TASK GOAL> In full and without alteration, output each record given here.
** GIVEN RECORDS follows **
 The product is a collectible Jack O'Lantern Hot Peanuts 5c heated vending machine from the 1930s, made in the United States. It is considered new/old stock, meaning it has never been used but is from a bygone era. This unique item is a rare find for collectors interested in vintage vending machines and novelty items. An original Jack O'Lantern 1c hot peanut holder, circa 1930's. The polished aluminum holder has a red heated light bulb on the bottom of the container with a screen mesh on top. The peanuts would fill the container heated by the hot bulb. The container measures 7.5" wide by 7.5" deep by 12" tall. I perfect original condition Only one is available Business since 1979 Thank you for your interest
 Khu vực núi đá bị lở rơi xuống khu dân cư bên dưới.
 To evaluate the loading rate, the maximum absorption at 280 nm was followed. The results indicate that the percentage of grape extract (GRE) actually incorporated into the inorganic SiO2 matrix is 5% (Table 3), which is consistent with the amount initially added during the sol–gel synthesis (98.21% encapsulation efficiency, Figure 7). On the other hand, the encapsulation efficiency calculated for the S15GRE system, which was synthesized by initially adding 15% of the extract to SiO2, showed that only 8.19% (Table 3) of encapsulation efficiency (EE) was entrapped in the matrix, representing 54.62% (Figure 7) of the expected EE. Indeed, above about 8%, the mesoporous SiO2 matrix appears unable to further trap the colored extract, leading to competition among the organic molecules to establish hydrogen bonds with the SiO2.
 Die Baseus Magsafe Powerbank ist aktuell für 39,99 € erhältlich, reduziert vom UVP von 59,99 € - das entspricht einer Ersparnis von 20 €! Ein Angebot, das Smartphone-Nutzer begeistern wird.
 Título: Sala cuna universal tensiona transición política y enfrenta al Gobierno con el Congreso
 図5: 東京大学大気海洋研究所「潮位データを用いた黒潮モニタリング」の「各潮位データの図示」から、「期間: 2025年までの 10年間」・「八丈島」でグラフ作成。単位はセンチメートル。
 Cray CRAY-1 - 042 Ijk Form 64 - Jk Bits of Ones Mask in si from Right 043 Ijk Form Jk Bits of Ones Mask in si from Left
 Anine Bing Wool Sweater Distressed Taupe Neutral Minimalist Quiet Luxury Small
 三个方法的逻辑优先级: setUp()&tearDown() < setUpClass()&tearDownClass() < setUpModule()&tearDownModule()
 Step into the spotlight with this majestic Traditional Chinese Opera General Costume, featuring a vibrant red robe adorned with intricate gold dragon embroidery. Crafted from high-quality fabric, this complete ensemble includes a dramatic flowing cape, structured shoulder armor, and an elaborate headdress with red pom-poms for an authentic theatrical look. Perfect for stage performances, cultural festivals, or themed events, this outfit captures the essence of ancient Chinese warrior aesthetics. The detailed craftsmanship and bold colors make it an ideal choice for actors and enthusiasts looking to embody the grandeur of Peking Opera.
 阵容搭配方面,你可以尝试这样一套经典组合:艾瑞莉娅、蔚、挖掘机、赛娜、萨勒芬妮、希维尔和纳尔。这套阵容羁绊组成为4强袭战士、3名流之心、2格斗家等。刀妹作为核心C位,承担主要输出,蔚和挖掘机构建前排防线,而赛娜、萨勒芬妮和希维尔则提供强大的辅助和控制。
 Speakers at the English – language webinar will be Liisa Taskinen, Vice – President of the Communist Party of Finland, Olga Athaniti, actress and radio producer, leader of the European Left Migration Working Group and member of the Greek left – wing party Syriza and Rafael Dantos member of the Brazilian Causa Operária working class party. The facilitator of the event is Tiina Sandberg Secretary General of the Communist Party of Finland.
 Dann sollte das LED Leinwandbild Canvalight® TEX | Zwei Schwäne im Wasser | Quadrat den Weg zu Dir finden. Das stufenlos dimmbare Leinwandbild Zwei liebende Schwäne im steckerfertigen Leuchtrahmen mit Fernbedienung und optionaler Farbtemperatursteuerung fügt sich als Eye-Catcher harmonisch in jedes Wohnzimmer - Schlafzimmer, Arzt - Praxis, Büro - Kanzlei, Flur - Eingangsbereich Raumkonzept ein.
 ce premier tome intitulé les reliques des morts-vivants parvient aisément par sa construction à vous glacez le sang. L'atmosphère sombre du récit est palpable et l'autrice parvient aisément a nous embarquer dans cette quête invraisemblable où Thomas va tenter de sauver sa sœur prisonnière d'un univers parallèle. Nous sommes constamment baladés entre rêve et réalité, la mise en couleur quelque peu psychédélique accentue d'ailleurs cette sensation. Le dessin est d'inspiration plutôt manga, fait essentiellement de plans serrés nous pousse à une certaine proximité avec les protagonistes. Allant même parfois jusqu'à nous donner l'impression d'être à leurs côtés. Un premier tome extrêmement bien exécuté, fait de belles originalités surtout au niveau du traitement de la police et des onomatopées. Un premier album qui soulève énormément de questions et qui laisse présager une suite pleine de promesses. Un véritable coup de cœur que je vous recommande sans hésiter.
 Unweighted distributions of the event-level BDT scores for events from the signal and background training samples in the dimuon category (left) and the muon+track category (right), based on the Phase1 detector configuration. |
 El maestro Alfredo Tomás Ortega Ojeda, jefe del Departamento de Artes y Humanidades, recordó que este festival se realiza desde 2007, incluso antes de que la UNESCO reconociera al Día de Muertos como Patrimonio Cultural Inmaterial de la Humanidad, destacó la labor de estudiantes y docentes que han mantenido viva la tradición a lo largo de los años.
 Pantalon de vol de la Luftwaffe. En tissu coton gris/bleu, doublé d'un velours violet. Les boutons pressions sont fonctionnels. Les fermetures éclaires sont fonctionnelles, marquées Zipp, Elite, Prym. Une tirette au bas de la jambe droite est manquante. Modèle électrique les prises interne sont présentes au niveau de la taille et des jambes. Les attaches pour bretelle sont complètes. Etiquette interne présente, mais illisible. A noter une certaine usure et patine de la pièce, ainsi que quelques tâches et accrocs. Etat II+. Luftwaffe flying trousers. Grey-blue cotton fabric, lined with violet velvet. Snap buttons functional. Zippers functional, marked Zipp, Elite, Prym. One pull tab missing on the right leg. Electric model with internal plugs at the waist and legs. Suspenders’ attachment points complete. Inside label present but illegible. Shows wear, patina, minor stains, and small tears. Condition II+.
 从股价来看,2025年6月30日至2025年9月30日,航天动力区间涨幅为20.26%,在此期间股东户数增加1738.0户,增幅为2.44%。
** End of GIVEN RECORDS **
COMPLETED EXERCISE>
 The product is a collectible Jack O'Lantern Hot Peanuts 5c heated vending machine from the 1930s, made in the United States. It is considered new/old stock, meaning it has never been used but is from a bygone era. This unique item is a rare find for collectors interested in vintage vending machines and novelty items. An original Jack O'Lantern 1c hot peanut holder, circa 1930's. The polished aluminum holder has a red heated light bulb on the bottom of the container with a screen mesh on top. The peanuts would fill the container heated by the hot bulb. The container measures 7.5" wide by 7.5" deep by 12" tall. I perfect original condition Only one is available Business since 1979 Thank you for your interest
 Khu vực núi đá bị lở rơi xuống khu dân cư bên dưới.
 To evaluate the loading rate, the maximum absorption at 280 nm was followed. The results indicate that the percentage of grape extract (GRE) actually incorporated into the inorganic SiO2 matrix is 5% (Table 3), which is consistent with the amount initially added during the sol–gel synthesis (98.21% encapsulation efficiency, Figure 7). On the other hand, the encapsulation efficiency calculated for the S15GRE system, which was synthesized by initially adding 15% of the extract to SiO2, showed that only 8.19% (Table 3) of encapsulation efficiency (EE) was entrapped in the matrix, representing 54.62% (Figure 7) of the expected EE. Indeed, above about 8%, the mesoporous SiO2 matrix appears unable to further trap the colored extract, leading to competition among the organic molecules to establish hydrogen bonds with the SiO2.
 Die Baseus Magsafe Powerbank ist aktuell für 39,99 € erhältlich, reduziert vom UVP von 59,99 € - das entspricht einer Ersparnis von 20 €! Ein Angebot, das Smartphone-Nutzer begeistern wird.
 Título: Sala cuna universal tensiona transición política y enfrenta al Gobierno con el Congreso
 図5: 東京大学大気海洋研究所「潮位データを用いた黒潮モニタリング」の「各潮位データの図示」から、「期間: 2025年までの 10年間」・「八丈島」でグラフ作成。単位はセンチメートル。
 Cray CRAY-1 - 042 Ijk Form 64 - Jk Bits of Ones Mask in si from Right 043 Ijk Form Jk Bits of Ones Mask in si from Left
 Anine Bing Wool Sweater Distressed Taupe Neutral Minimalist Quiet Luxury Small
 三个方法的逻辑优先级: setUp()&tearDown() < setUpClass()&tearDownClass() < setUpModule()&tearDownModule()
 Step into the spotlight with this majestic Traditional Chinese Opera General Costume, featuring a vibrant red robe adorned with intricate gold dragon embroidery. Crafted from high-quality fabric, this complete ensemble includes a dramatic flowing cape, structured shoulder armor, and an elaborate headdress with red pom-poms for an authentic theatrical look. Perfect for stage performances, cultural festivals, or themed events, this outfit captures the essence of ancient Chinese warrior aesthetics. The detailed craftsmanship and bold colors make it an ideal choice for actors and enthusiasts looking to embody the grandeur of Peking Opera.
 阵容搭配方面,你可以尝试这样一套经典组合:艾瑞莉娅、蔚、挖掘机、赛娜、萨勒芬妮、希维尔和纳尔。这套阵容羁绊组成为4强袭战士、3名流之心、2格斗家等。刀妹作为核心C位,承担主要输出,蔚和挖掘机构建前排防线,而赛娜、萨勒芬妮和希维尔则提供强大的辅助和控制。
 Speakers at the English – language webinar will be Liisa Taskinen, Vice – President of the Communist Party of Finland, Olga Athaniti, actress and radio producer, leader of the European Left Migration Working Group and member of the Greek left – wing party Syriza and Rafael Dantos member of the Brazilian Causa Operária working class party. The facilitator of the event is Tiina Sandberg Secretary General of the Communist Party of Finland.
 Dann sollte das LED Leinwandbild Canvalight® TEX | Zwei Schwäne im Wasser | Quadrat den Weg zu Dir finden. Das stufenlos dimmbare Leinwandbild Zwei liebende Schwäne im steckerfertigen Leuchtrahmen mit Fernbedienung und optionaler Farbtemperatursteuerung fügt sich als Eye-Catcher harmonisch in jedes Wohnzimmer - Schlafzimmer, Arzt - Praxis, Büro - Kanzlei, Flur - Eingangsbereich Raumkonzept ein.
 ce premier tome intitulé les reliques des morts-vivants parvient aisément par sa construction à vous glacez le sang. L'atmosphère sombre du récit est palpable et l'autrice parvient aisément a nous embarquer dans cette quête invraisemblable où Thomas va tenter de sauver sa sœur prisonnière d'un univers parallèle. Nous sommes constamment baladés entre rêve et réalité, la mise en couleur quelque peu psychédélique accentue d'ailleurs cette sensation. Le dessin est d'inspiration plutôt manga, fait essentiellement de plans serrés nous pousse à une certaine proximité avec les protagonistes. Allant même parfois jusqu'à nous donner l'impression d'être à leurs côtés. Un premier tome extrêmement bien exécuté, fait de belles originalités surtout au niveau du traitement de la police et des onomatopées. Un premier album qui soulève énormément de questions et qui laisse présager une suite pleine de promesses. Un véritable coup de cœur que je vous recommande sans hésiter.
 Unweighted distributions of the event-level BDT scores for events from the signal and background training samples in the dimuon category (left) and the muon+track category (right), based on the Phase1 detector configuration. |
 El maestro Alfredo Tomás Ortega Ojeda, jefe del Departamento de Artes y Humanidades, recordó que este festival se realiza desde 2007, incluso antes de que la UNESCO reconociera al Día de Muertos como Patrimonio Cultural Inmaterial de la Humanidad, destacó la labor de estudiantes y docentes que han mantenido viva la tradición a lo largo de los años.
 Pantalon de vol de la Luftwaffe. En tissu coton gris/bleu, doublé d'un velours violet. Les boutons pressions sont fonctionnels. Les fermetures éclaires sont fonctionnelles, marquées Zipp, Elite, Prym. Une tirette au bas de la jambe droite est manquante. Modèle électrique les prises interne sont présentes au niveau de la taille et des jambes. Les attaches pour bretelle sont complètes. Etiquette interne présente, mais illisible. A noter une certaine usure et patine de la pièce, ainsi que quelques tâches et accrocs. Etat II+. Luftwaffe flying trousers. Grey-blue cotton fabric, lined with violet velvet. Snap buttons functional. Zippers functional, marked Zipp, Elite, Prym. One pull tab missing on the right leg. Electric model with internal plugs at the waist and legs. Suspenders’ attachment points complete. Inside label present but illegible. Shows wear, patina, minor stains, and small tears. Condition II+.
 从股价来看,2025年6月30日至2025年9月30日,航天动力区间涨幅为20.26%,在此期间股东户数增加1738.0户,增幅为2.44%。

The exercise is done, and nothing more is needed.